Second, publishing the exclusions in public is what makes them durable. A scope choice that lives only in an internal doctrine document drifts when the next demo request lands and the pressure to “just add a small real-time hint” arrives. A scope choice that has been published, named, and explained is harder to drift past, because the drift would visibly contradict the public commitment. We publish what we are not building because the publication is part of how we keep ourselves honest about it. The recurring monthly update is the cadence the same discipline runs under: numbers attached, including the unflattering ones.

The roadmap of features LAP will ship is a long document. The roadmap of features LAP will not ship is a shorter one, and a more important one to get right. This post is the public-facing edition; the internal commitments are where they live by name and by ADR, and the scope discipline runs across both.

FAQ

Common questions.

Who is LAP designed for?

The serious sim racer who has plateaued at a licence class and wants structured progression rather than more seat time, and the track-day driver who runs four-to-eight events a year and wants the work between sessions to compound into the next event. The driver alone with the data between sessions is the primary persona. Anti-personas are explicit: racing-team engineers (keep MoTeC), drivers with a dedicated human coach.

Does LAP use language-model-generated coaching?

No. Every coaching prescription LAP ships traces to a hand-curated rule library written by human authors — never to a language-model output. The reason is durability over surface area: a coaching surface that fabricates plausible-sounding advice will eventually land a prescription on a corner the driver knows well, the prescription will be wrong, and the trust differential collapses on that single bad output. The doctrine commitment is non-negotiable.

What is LAP NOT going to build, and why?

Six exclusions documented in public: language-model-generated coaching, real-time in-cockpit coaching, racing-team-engineer tooling, gamification as the primary surface, setup or strategy widgets, and prescriptions when the rule library cannot diagnose. Each exclusion is a deliberate scope choice with reasons attached. The roadmap of features LAP will not ship is shorter than the roadmap of features it will, and a more important one to get right at the start.

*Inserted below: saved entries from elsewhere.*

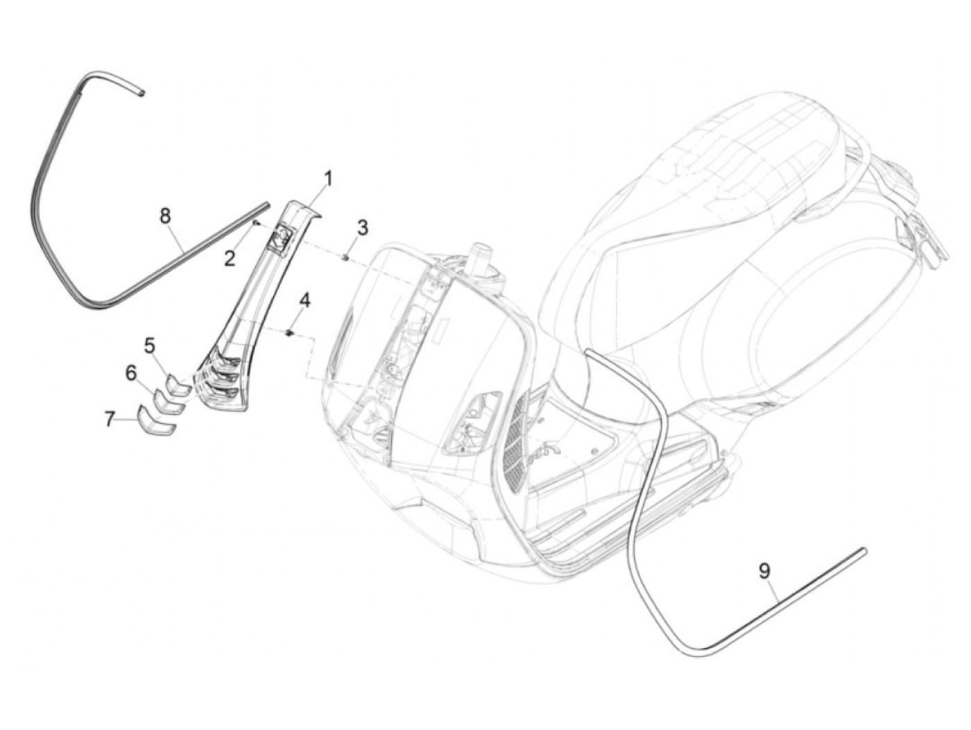 Sisipan kaskade (atas) -PIAGGIO- Vespa GTS125/300 (2019-2022), GTS Super (iGet/HPE), GTS Supersport (iGet/HPE), GTS Touring (iGet/HPE), GTS SuperTech (iGet/HPE), GTS Yacht Club, GTS SuperNotte - Chrome
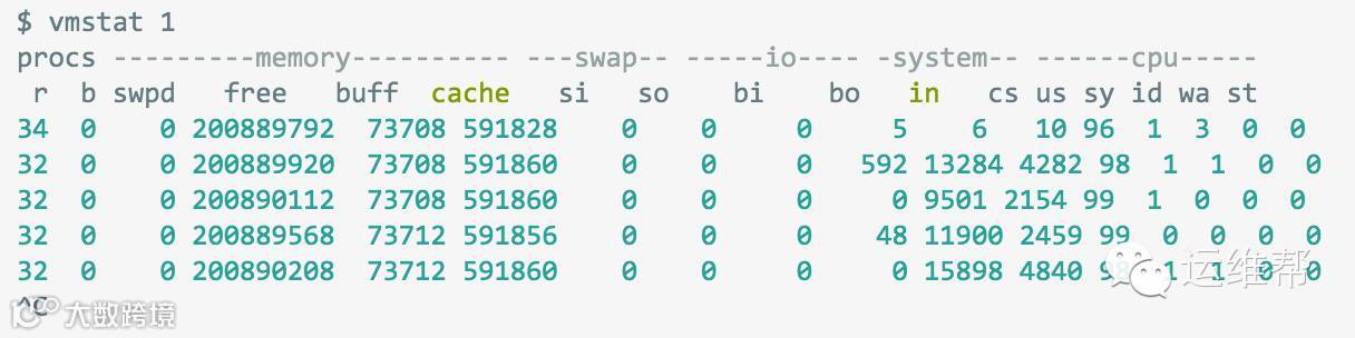 通过指定1作为vmstat的输入参数,它会输出每一秒内的统计结果。(在我们当前使用的)vmstat输出的第一行数据是从启动到现在的平均数据,而不是前一秒的数据。所以我们可以跳过第一行,看看后面几行的情况。
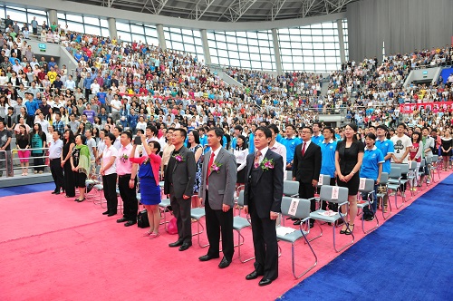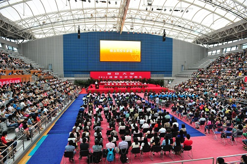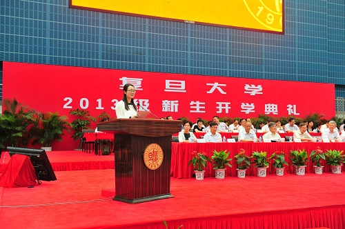 9月6日上午,复旦大学2013级研究生开学典礼在正大体育馆隆重举行。全体在校领导,校内部分两院院士、校教学指导委员会负责人,第五届“研究生心目中的好导师”代表,各研究生培养单位、机关部处负责人,以及新任博士生导师应邀出席典礼,共同欢迎来自世界各地的全体2013级研究生新生。典礼由常务副校长陈晓漫主持。

Why no real-time in-cockpit coaching?

Different product, different safety profile, different latency budget, different trust failure mode. LAP runs between sessions on the trace after the lap is in the books, where the prescription anatomy can be verified before reaching the driver. A prescription that arrives mid-corner with no review step has a narrower correctness window and a wider blast radius when it lands wrong. The deliberate scope is that the loop closes between sessions, not at 200 km/h.